Background:  Herpesviruses, including Kaposi’s sarcoma-associated herpesvirus (KSHV) and Epstein Barr virus (EBV), have been thought to be linked to AIDS-related malignancies. MicroRNA (miRNA) are a novel class of regulatory RNA, which can down-regulate target gene expression through RNA silencing. Vertebrate miRNA have been implicated in developmental timing, cell differentiation, and tumorigenesis. Here we show that both KSHV and EBV express several viral miRNA in latently infected cells. These viral miRNA may have an important role in the modulation of the virus life cycle.

Methods:  Small RNA (18 to 24 nt) were size selected and cDNA cloned from BC1 cells latently co-infected with KSHV and EBV. mFOLD analysis of miRNA precursor sequences was performed to validate the authenticity of candidate viral miRNA. Existence of viral miRNA was also confirmed by Northern analysis.

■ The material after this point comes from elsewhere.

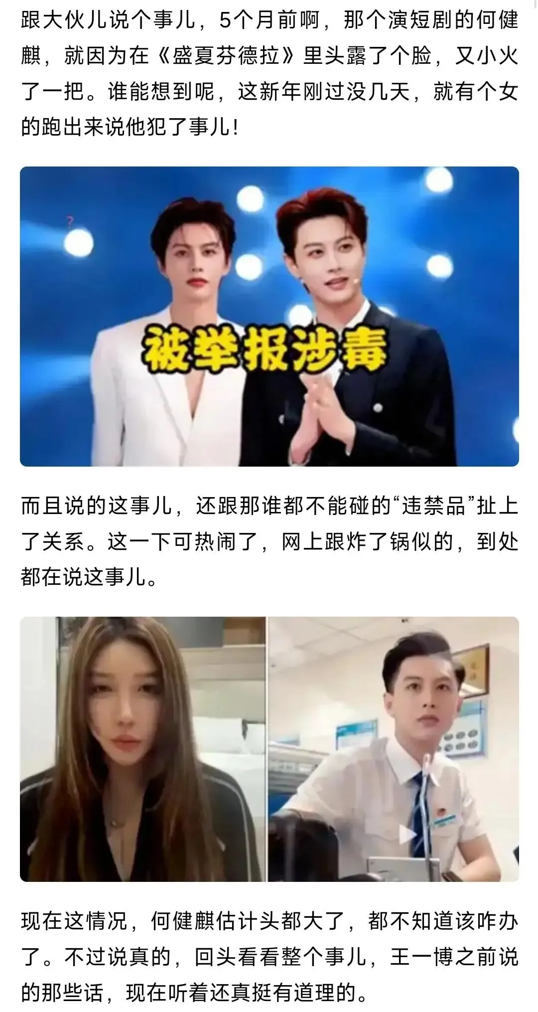 2026 年开年的娱乐圈,刚被一波明星爆料闹得沸沸扬扬,女网红接连点名鹿晗、檀健次等多位艺人,网友白珊珊也喊话吴磊,热度还未散去,爆料的风浪竟直接刮进了当下大火的短剧领域 —— 短剧头部男演员何健麒,被自称其前女友的网友实名举报涉毒,还牵扯出出轨行为,瞬间引发全网关注。

Results:  Of 959 small cDNA clones sequenced, 167 (18%) were derived from KSHV, consisting of 11 distinct miRNA sequences; and 222 (23%) were of EBV origin, including 15 different miRNA. All 11 KSHV miRNA are readily detectable by Northern blotting. They are arrayed in 1 cluster between the v-cyclin and K12/Kaposin genes in the viral latency-associated region. Transcript mapping studies indicate that these KSHV miRNA are originally derived from 3 latent transcripts, which also function as Kaposin pre-mRNA. We identified by miRNA cloning 12 novel EBV miRNA. Combined with several EBV miRNA previously reported, EBV expresses at least 17 distinct miRNA in latently infected cells. They are located in 2 clusters of the viral genome:  14 miRNA are clustered in the introns of the viral BART gene, while 3 are located adjacent to the BHRF1 gene. The BART miRNA are highly expressed in latently infected epithelial cells, although they are also detectable in infected B cells. In contrast, the BHRF1 miRNA are only expressed in B cells at latency stage III.

Conclusions:  For the first time, we report the identification of an array of KSHV and EBV miRNA from latently infected cells. EBV-encoded BART miRNA are highly expressed in nasopharyngeal carcinoma cells while BHRF miRNA can only be detected in B cells at latency phase III. These viral miRNA may play a critical role in the maintenance of the viral life cycle and virus-induced tumorgenesis.